Пел Иоселе очень странно. Пение это было чудесно до страшного и страшно тоскливо. Звуки вырывались из груди вместе с тяжким вздохом, обнимали слушателя всего, разили до мозга костей. Это было неслыханное, ни на что не похожее пение: лились чудные звуки, необычайные, прекрасные, чистые, мягкие и вместе с тем какие-то нечеловеческие, дикие, сумасшедшие. Неожиданно Иоселе закончил свое пение страшным «кукареку» и диким хохотом. У всех волосы стали дыбом; оцепеневшие, они только переглядывались между собой.
— Вот! Вот она, кошка! Кошка явилась! — вскрикнул Иоселе, показывая на пришедшую с Эстер женщину (понятно, это была Переле). — Видите? Она опять здесь! Она опять здесь! Ловите ее! Гоните ее! Выбросьте вон! Она задушит меня! Что же вы стоите? Гав-гав-гав!

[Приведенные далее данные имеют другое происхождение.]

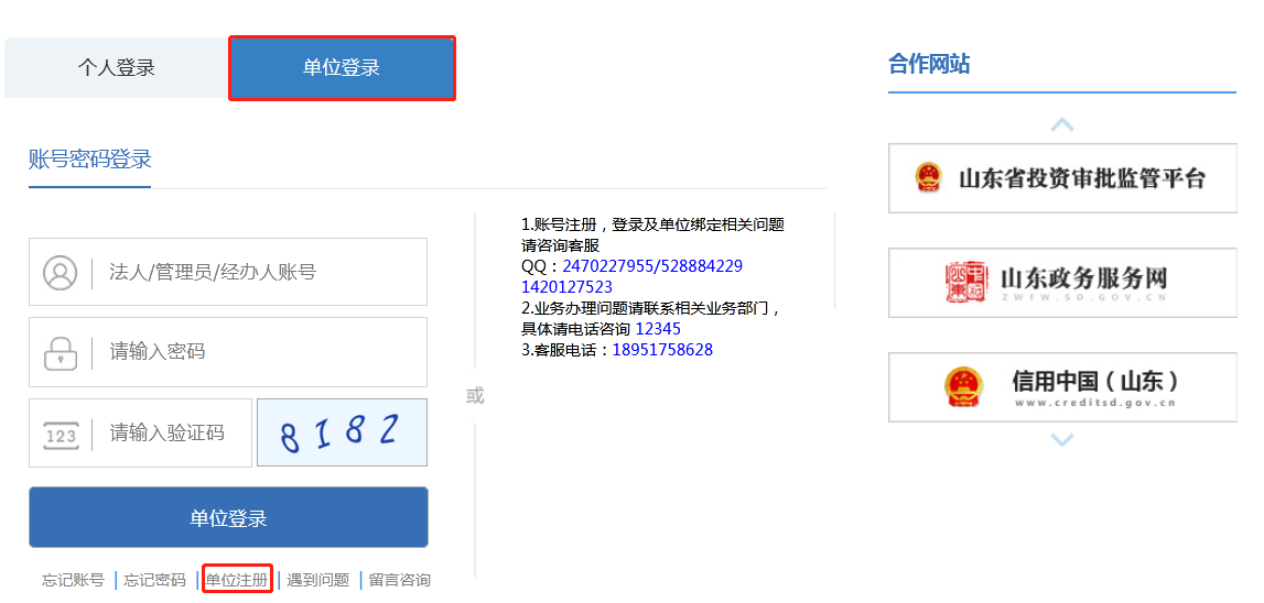 在系统首页上方点击“登录”按钮(如图1)并在山东省统一政务服务门户网站上点击单位登录输入法人账号、密码、验证码(如图2)。

Иоселе соскочил, полуобнаженный, с кровати и хотел было кинуться к Переле, но та спряталась за Эстер и вцепилась обеими руками ей в плечо. Обе дрожали, как овечки. Но тут подбежал лекарь Юдл и, ухватив Иоселе за руки, потащил его обратно к постели. Иоселе упирался, отбивался изо всех сил. Наконец ему удалось вырваться из рук лекаря. В одно мгновенье он подбежал к Эстер, выхватил у нее горшок с кипящим бульоном и выплеснул его на Юдла.
— Он с ума сошел! — закричал Юдл. — Что вы стоите как истуканы? Вяжите его! Скрутите его! Вы ведь видите, что он рехнулся!. . . . . . . . . . . . . . . . . . . . . . . . . . .
Через несколько дней несчастный Шмулик вынужден был собственноручно связать своего сына или, как говорил доктор Юдл, «скрутить его» и отвезти в Макаровку к цадику. Кто не видел, как несчастный Шмулик в ситцевом халате, с зеленым шарфом на шее, держит обеими руками Иоселе, чтобы тот не выпрыгнул из повозки, — кто этого не видел, должен жить лишних десять лет.
— Да, человеку нечем кичиться! — говорили провожавшие этих двух несчастных.